One of the topologies available in a multi-region deployment of CockroachDB is known as Follow the Workload. Utilizing this topology pattern enables Cockroach to deliver fast reads within the region where the bulk of the read requests originate from. This blog will discuss the implementation details and demonstrate how to verify the performance of the Follow the Workload topology.
Follow the Workload is appropriate for a workload running in an active everywhere deployment across geographically distributed regions. A quick review of key architecture implementation choices within CockroachDB will be helpful for this discussion.
CockroachDB is a massively scalable, SQL compliant, distributed database solution. Data is stored in a monolithic immutable key value store and data in this store is broken up into manageable chunks called ranges. In a multi-region deployment, CockroachDB distributes range replicas across regions to ensure availability and survivability. The Raft consensus protocol will elect one of these replicas as a leaseholder. The function of the leaseholder is to service all reads and writes for data contained in the range. This allows CockroachDB to deliver globally consistent ACID transactions. The Follow the Workload topology enables CockroachDB to optimize the placement of these leaseholder replicas to realize performance gains.
In this example, I deployed a multi-region CockroachDB cluster across the United States using 3 AWS regions. The TPCC workload is being generated in only one region and is being load balanced across the nodes in that one local region. This configuration mimics a follow the sun type workload where different regions will see a majority of the workload throughout the day. The database was configured to run at a replication factor of 3 and CockroachDB automatically distributed one replica to each region based on the locality flags set on each node in the cluster. The leaseholders were not pinned to any specific region meaning we will allow the database to choose which region the leaseholder should reside in.
The expectation is that over time the Follow the Workload topology will kick in and that all leaseholders for the ranges being accessed by the workload would move to the region where the workload was being generated. This has the positive effect of lowering read latencies since leaseholders would be in the local data center and not require communication with nodes outside the local region to satisfy the read query. It should be noted that writes will still require communication with a quorum of replicas and incur inter-region latency. Using the command
SELECT table_name,range_id,lease_holder_locality, count(*)

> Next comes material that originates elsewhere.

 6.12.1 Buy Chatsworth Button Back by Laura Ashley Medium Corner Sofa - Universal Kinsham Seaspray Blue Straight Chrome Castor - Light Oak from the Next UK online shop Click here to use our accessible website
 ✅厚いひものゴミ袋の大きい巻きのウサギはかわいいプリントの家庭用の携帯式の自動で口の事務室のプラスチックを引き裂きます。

FROM [SHOW RANGES FROM DATABASE tpcc] group by table_name, lease_holder_locality order by table_name, lease_holder_locality;
We can see the initial distribution of leaseholders looks like the following
What I observed with the default CockroachDB configuration is that leaseholders would move to the region local to the workload. However, soon those nodes local to the workload were consuming more resources and CockroachDB tried to balance the load across nodes by moving leaseholders back out of the local region. We can alter this behavior by changing the following database cluster settings.

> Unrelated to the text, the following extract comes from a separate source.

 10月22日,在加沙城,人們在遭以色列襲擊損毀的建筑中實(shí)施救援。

set cluster setting kv.allocator.lease_rebalancing_aggressiveness = 10;
set cluster setting kv.allocator.load_based_rebalancing = 0;
With these settings, I was able to get the Follow the Workload results I wanted. My test data consisted of 400GB of data and after 30 minutes of the steady, random TPCC workload, all leaseholders moved to the data center local to the workload as seen in the chart below.
Running the show ranges command again confirms that all leaseholders did in fact end up in the west region where my workload was running.
There are a couple of considerations worth mentioning if you intend to utilize Follow the Workload. First, keep in mind we turned off the cluster setting to allow CockroachDB to move leaseholders based on increasing load. You need to test thoroughly and confirm that your cluster is right-sized to support having all the leaseholders in one region. Second, since nodes containing the leaseholder replicas shoulder the burden of coordinating read and write requests you will have to carefully monitor that those nodes do not become saturated especially in failure situations where you may lose a node.
In summary, the Follow the Workload topology can be a useful tool to optimize performance for applications where load can shift to geographically disparate regions throughout the day. I hope you found this useful!